> [TASK TO CARRY OUT]
Every line below from the one with "La livraison comprend" through the one with "배치되어 있어야 한다." is to be repeated exactly, with no picture among them.

======== LISTED ENTRIES ========

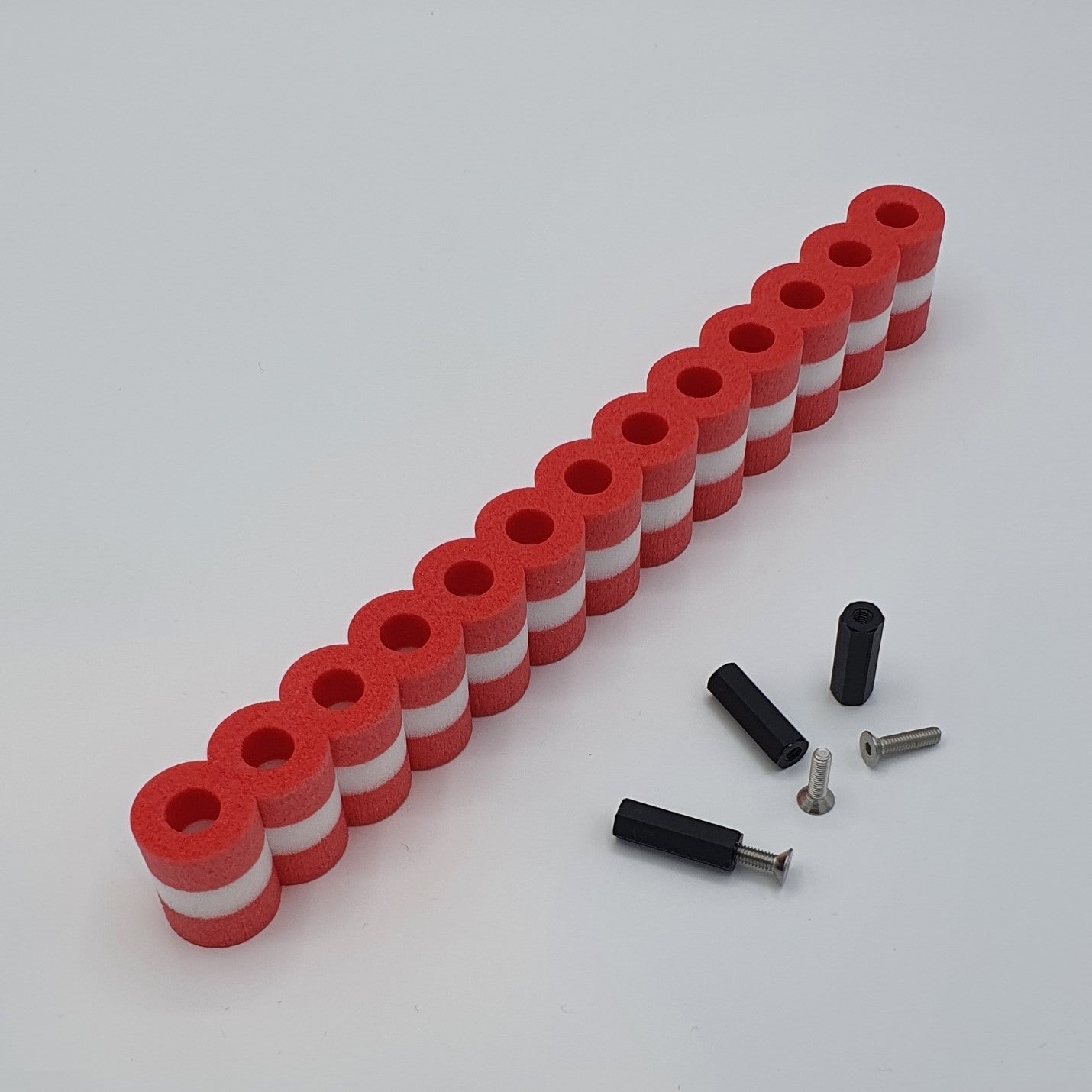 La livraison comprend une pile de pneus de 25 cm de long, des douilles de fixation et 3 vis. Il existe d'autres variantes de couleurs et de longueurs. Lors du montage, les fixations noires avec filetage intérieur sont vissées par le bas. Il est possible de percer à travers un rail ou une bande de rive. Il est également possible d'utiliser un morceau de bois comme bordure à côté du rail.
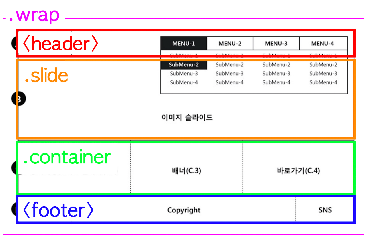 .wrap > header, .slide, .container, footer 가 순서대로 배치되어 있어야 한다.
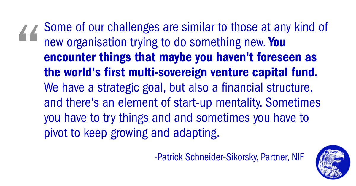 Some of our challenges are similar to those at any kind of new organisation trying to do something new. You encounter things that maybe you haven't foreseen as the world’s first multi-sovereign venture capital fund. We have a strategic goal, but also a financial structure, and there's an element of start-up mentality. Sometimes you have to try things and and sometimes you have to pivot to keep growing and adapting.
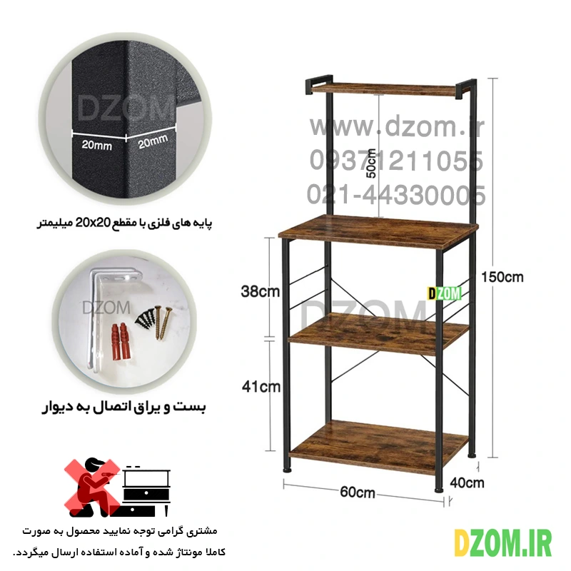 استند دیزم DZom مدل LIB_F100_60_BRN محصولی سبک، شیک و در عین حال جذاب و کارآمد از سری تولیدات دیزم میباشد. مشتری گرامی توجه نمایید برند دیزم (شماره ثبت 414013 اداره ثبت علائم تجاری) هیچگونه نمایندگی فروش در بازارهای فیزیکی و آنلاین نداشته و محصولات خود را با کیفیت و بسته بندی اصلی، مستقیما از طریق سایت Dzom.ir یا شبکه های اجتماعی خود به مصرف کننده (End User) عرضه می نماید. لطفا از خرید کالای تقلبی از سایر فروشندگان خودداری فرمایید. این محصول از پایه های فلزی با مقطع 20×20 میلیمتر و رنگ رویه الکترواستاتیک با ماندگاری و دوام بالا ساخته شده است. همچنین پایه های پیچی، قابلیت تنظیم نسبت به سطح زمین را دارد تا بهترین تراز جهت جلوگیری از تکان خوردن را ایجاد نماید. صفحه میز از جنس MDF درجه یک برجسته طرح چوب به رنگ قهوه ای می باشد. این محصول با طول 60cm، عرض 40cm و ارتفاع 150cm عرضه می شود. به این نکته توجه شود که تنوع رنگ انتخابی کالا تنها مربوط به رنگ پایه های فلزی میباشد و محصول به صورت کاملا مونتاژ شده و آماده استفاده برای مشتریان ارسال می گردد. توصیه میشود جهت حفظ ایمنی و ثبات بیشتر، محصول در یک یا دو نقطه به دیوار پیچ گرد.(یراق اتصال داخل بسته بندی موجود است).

========
======== LISTED ENTRIES ========

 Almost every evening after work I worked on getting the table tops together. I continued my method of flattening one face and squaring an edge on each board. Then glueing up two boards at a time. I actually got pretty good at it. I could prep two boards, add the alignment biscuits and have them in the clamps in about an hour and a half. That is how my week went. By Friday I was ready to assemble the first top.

========

> [TASK SOLUTION]
 La livraison comprend une pile de pneus de 25 cm de long, des douilles de fixation et 3 vis. Il existe d'autres variantes de couleurs et de longueurs. Lors du montage, les fixations noires avec filetage intérieur sont vissées par le bas. Il est possible de percer à travers un rail ou une bande de rive. Il est également possible d'utiliser un morceau de bois comme bordure à côté du rail.
 .wrap > header, .slide, .container, footer 가 순서대로 배치되어 있어야 한다.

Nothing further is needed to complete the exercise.